Beispielsweise bei den Stimmrechtsübertragungen bestehen unterschiedliche
Rechtsansichten zwischen den Bundesländern. Sowohl die verwendeten Formulare als
auch die Auslegung der gesetzlichen Möglichkeiten unterscheiden sich teilweise
erheblich. So ist es in manchen Bundesländern möglich, das Stimmrecht
unmittelbar auf die zweite Stellvertretung zu übertragen, während dies in
anderen Bundesländern ausgeschlossen wird. Unterschiedliche Interpretationen
bundesgesetzlicher Bestimmungen führen jedoch zu Rechtsunsicherheit und
ungleichen Bedingungen für Wahlberechtigte.
Deshalb fordern wir, österreichweit einheitliche Formulare sowie eine
einheitliche Auslegung der Regelungen über Stimmrechtsübertragungen
sicherzustellen.
Ein weiteres Problem zeigt sich bei der Durchführung der Wählerversammlungen
(Hearings). Diese werden in den Bundesländern unterschiedlich organisiert und
moderiert. Häufig übernehmen amtierende Landesschulsprecher:innen die
Moderation, obwohl sie selbst einer kandidierenden Fraktion angehören. Darüber
hinaus ist unterschiedlich geregelt, ob Vertreter:innen der kandidierenden
Fraktionen als stille Beobachter an den Wählerversammlungen teilnehmen dürfen.
Einheitliche Standards würden sowohl die Neutralität als auch die Transparenz
des Verfahrens stärken.
Deshalb fordern wir, dass Wählerversammlungen einheitlich umgesetzt
werden.
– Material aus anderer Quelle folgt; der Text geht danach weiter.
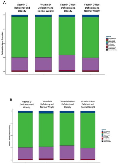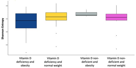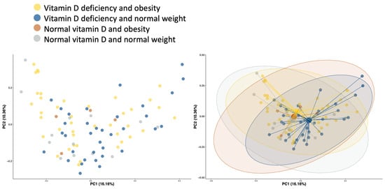 Our study found a significant difference in beta diversity between normal-weight and group with obesity based on vitamin D deficiency, with PC1 and PC2 accounting for 16.16% and 10.36% (p = 0.017). Similarly, a recent systematic review of human studies on the association between vitamin D and gut microbiota revealed that vitamin D supplementation and serum 25(OH)D levels are associated with significant changes in bacterial community composition [], emphasizing the variation of microbial communities between the study cohorts. In contrast, an interventional, open-label pilot study of 16 healthy adults showed that vitamin D supplementation significantly changed beta diversity in upper GI biopsies, but not in feces or lower gastrointestinal biopsies []. The variability in obtaining the sample from different anatomical parts of the GI tract or the technique used may lead to inconsistent results. Thus, the need for future studies addressing alpha and beta diversity, vitamins, and body weight is crucial to give insight into these associations.

Diese sollen insbesondere die Moderation sowie die Teilnahme von
Vertreter:innen kandidierender Fraktionen regeln.
Auch die organisatorische Durchführung des Wahltages unterscheidet sich
erheblich zwischen den Bundesländern. Dies betrifft insbesondere die Gestaltung
der Wahlfenster, die von vollständig offenen Zeitfenstern bis hin zu kurzen,
schulweise zugewiesenen Zeitfenstern reichen. Ebenso wird die beobachtende
Teilnahme an der Stimmenauszählung unterschiedlich gehandhabt. Eine transparente
und nachvollziehbare Durchführung des Wahlvorgangs sollte jedoch österreichweit
nach denselben Grundsätzen erfolgen.
Deshalb fordern wir, eine österreichweit einheitliche Umsetzung der
Wahlfenster und des Ablaufs der Wahl, sowie der beobachtenden Teilnahme
von Vertreter:innen kandidierender Fraktionen an der Stimmenauszählung zu
schaffen.
Zwischen den kandidierenden Fraktionen werden in nahezu allen Bundesländern
Fairnessabkommen abgeschlossen. Deren Einhaltung erfolgt derzeit jedoch
ausschließlich auf freiwilliger Basis und wird von keiner unabhängigen Stelle
begleitet. Dadurch fehlt eine objektive Ansprechstelle bei möglichen Verstößen.
Deshalb fordern wir, die zuständigen Bildungsdirektionen über
abgeschlossene Fairnessabkommen zu informieren und sie bei deren
Begleitung und Unterstützung einzubinden.
Die Wahlkommissionen sind zuständig für die ordnungsgemäße Umsetzung der Wahlen.
Viel zu oft passiert es jedoch, dass die Kommissionen bei Verstößen gegen das
Gesetz nicht durchgreifen, oder selbst Regeln nicht beachten.
- Wir fordern daher, dass die Wahlkommissionen geltendes Recht tatsächlich
umsetzen.
Die unterschiedliche Handhabung des Wahlrechts von Schulsprecher:innen im
Maturajahrgang stellt ebenfalls ein Problem dar. Auf dieses wird im Beschluss
„Eine professionelle Gesetzeslage für eine professionelle Vertretung!“ näher
eingegangen.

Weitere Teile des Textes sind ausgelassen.